THE PROBLEM:
Exactly and only the lines from the first entry through the line with "Fraai stuk pyriet" should be copied, both ends included, with no pictures.

LISTED RECORDS:
+ + + +
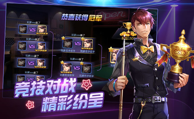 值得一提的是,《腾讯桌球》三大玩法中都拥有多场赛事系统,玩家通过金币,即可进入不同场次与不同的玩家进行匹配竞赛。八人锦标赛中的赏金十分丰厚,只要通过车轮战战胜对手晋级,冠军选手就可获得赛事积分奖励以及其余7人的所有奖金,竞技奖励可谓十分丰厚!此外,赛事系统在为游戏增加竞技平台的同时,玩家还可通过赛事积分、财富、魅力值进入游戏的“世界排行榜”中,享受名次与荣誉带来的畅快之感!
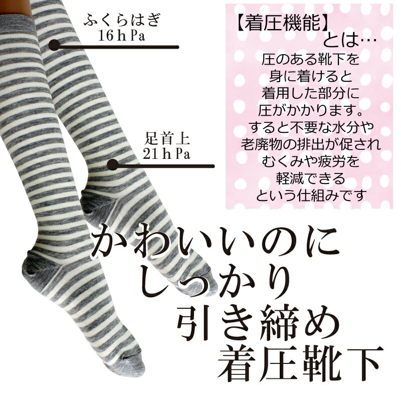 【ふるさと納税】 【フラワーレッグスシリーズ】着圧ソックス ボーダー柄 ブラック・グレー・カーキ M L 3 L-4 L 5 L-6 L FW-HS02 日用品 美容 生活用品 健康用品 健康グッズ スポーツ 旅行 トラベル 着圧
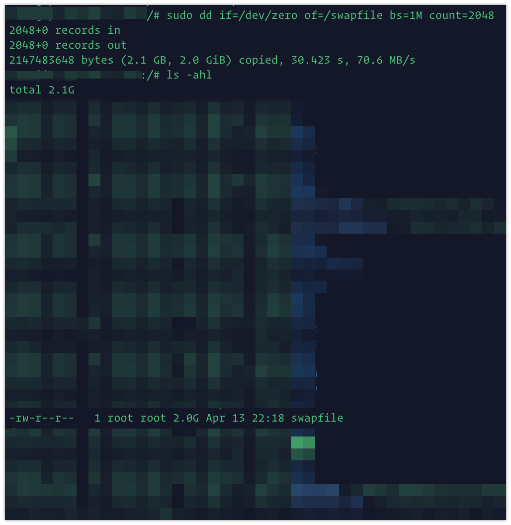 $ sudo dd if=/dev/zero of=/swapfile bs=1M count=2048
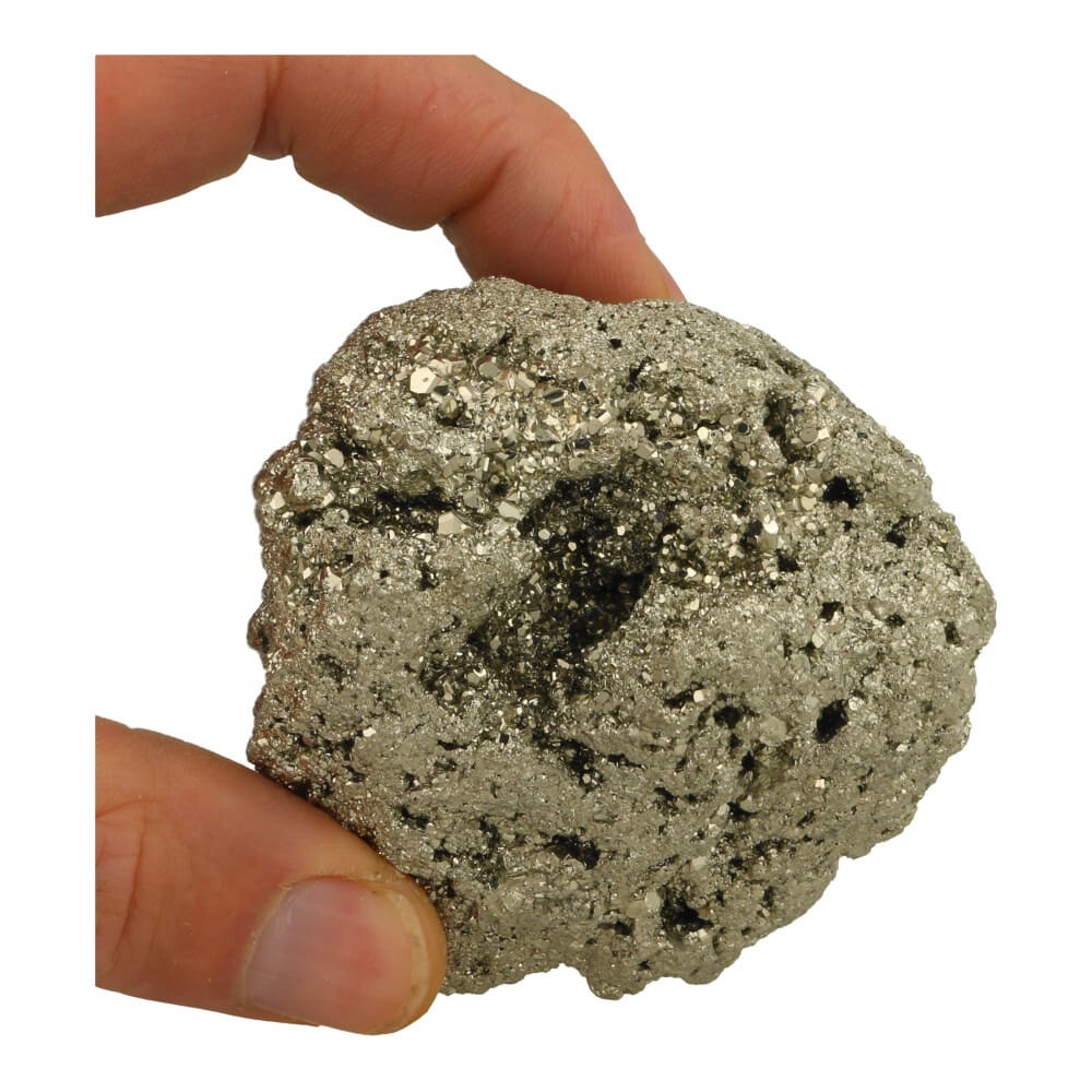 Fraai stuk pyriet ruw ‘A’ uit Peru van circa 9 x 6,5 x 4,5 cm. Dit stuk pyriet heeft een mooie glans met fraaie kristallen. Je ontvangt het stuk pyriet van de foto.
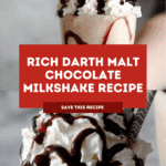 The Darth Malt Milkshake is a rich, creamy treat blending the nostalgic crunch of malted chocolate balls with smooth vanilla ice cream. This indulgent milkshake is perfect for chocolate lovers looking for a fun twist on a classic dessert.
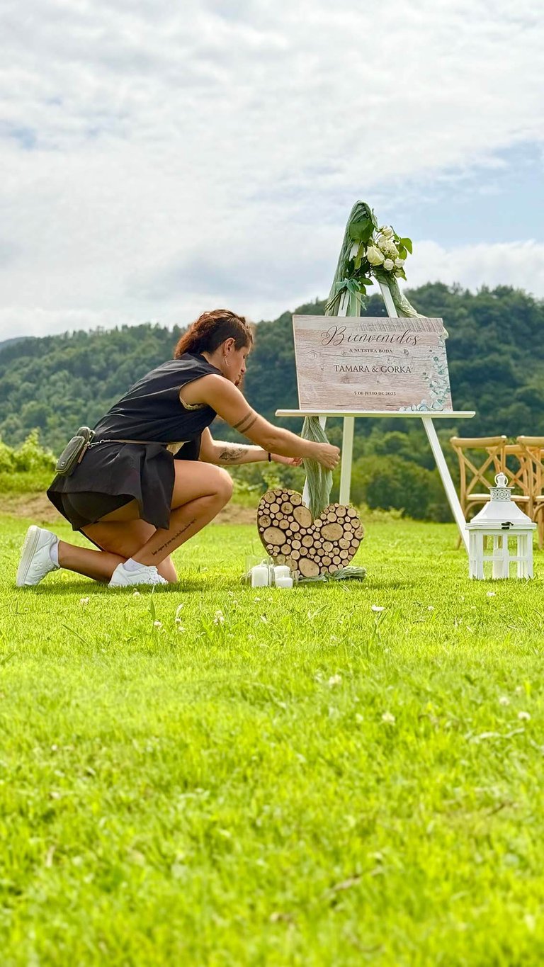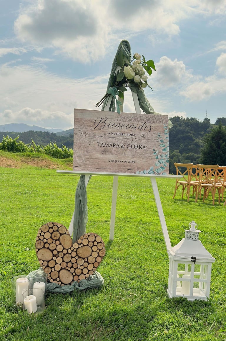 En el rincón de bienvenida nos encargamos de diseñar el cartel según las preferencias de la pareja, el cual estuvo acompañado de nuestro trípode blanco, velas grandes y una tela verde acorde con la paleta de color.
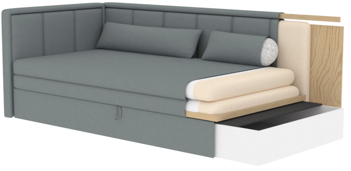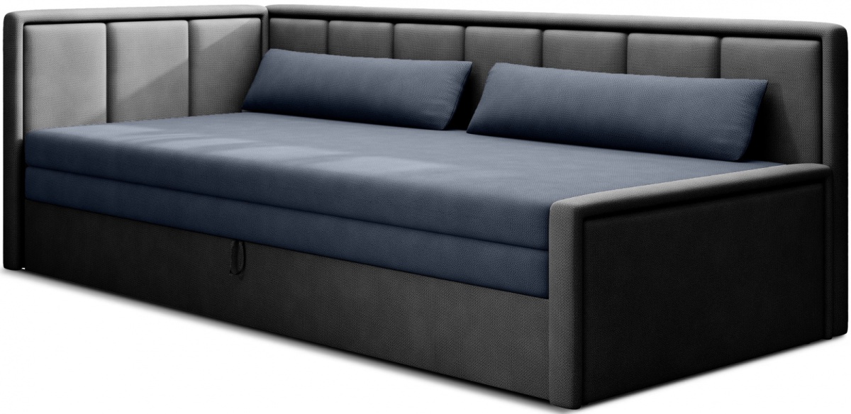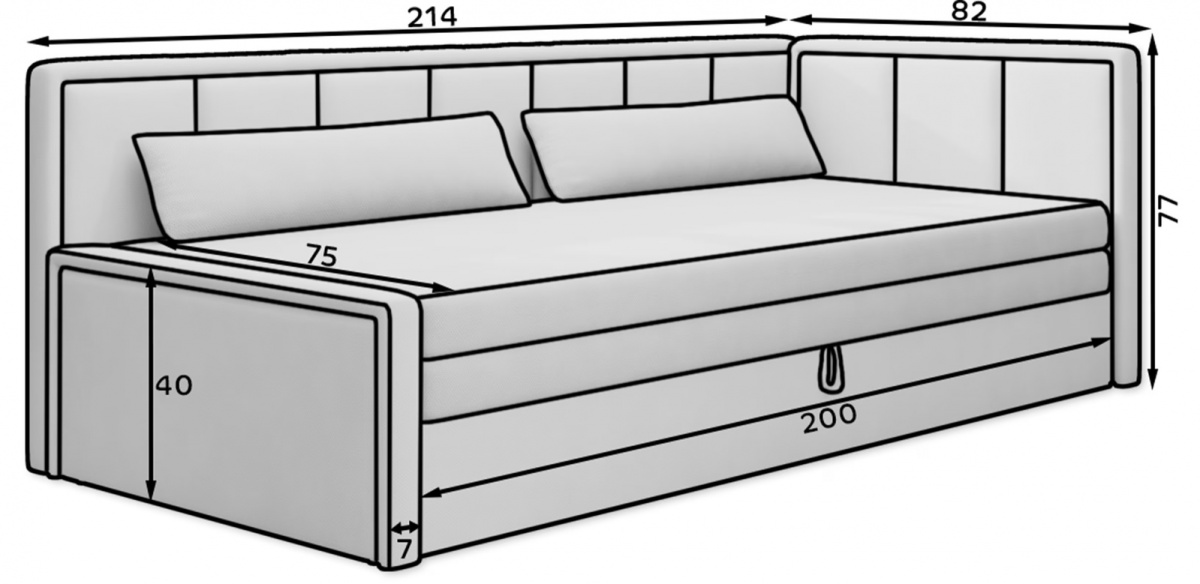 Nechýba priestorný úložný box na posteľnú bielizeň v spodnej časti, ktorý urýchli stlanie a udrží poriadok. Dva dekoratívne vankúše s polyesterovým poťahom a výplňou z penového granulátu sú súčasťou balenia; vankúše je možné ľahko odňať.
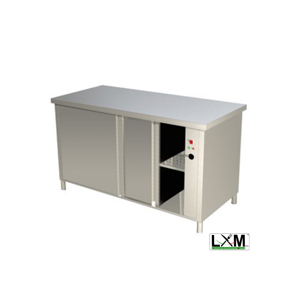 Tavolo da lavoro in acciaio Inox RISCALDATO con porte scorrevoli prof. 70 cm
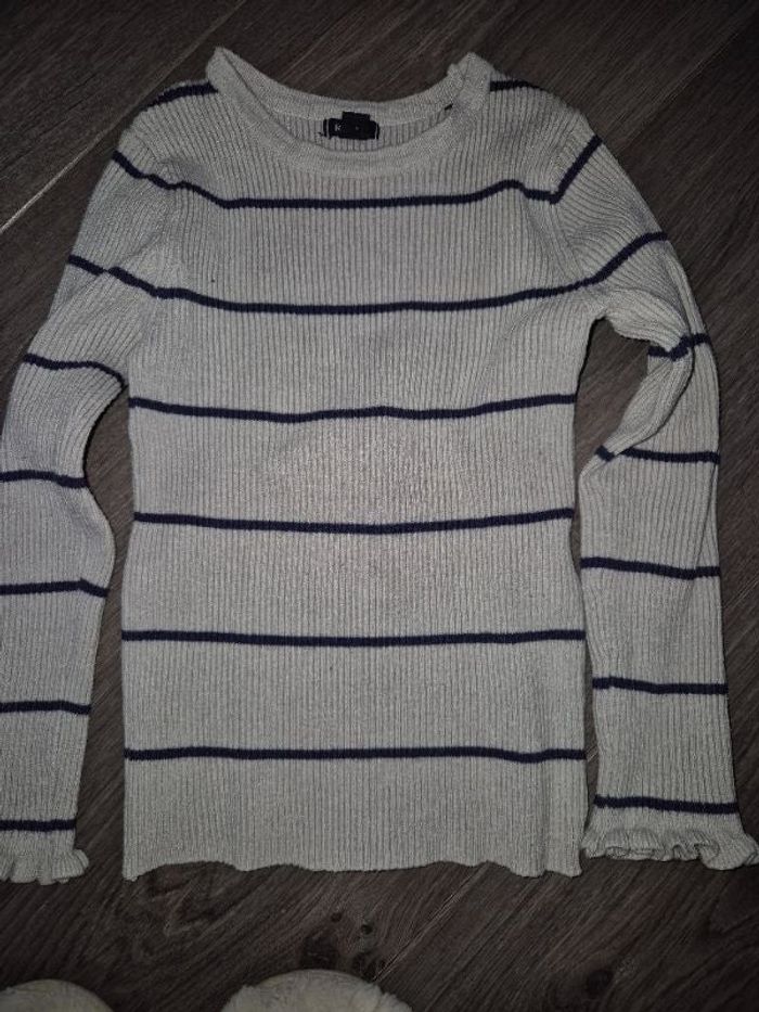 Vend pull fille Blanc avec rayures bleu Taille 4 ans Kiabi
+ + + +
EXERCISE SOLUTION:
 值得一提的是,《腾讯桌球》三大玩法中都拥有多场赛事系统,玩家通过金币,即可进入不同场次与不同的玩家进行匹配竞赛。八人锦标赛中的赏金十分丰厚,只要通过车轮战战胜对手晋级,冠军选手就可获得赛事积分奖励以及其余7人的所有奖金,竞技奖励可谓十分丰厚!此外,赛事系统在为游戏增加竞技平台的同时,玩家还可通过赛事积分、财富、魅力值进入游戏的“世界排行榜”中,享受名次与荣誉带来的畅快之感!
 【ふるさと納税】 【フラワーレッグスシリーズ】着圧ソックス ボーダー柄 ブラック・グレー・カーキ M L 3 L-4 L 5 L-6 L FW-HS02 日用品 美容 生活用品 健康用品 健康グッズ スポーツ 旅行 トラベル 着圧
 $ sudo dd if=/dev/zero of=/swapfile bs=1M count=2048
 Fraai stuk pyriet ruw ‘A’ uit Peru van circa 9 x 6,5 x 4,5 cm. Dit stuk pyriet heeft een mooie glans met fraaie kristallen. Je ontvangt het stuk pyriet van de foto.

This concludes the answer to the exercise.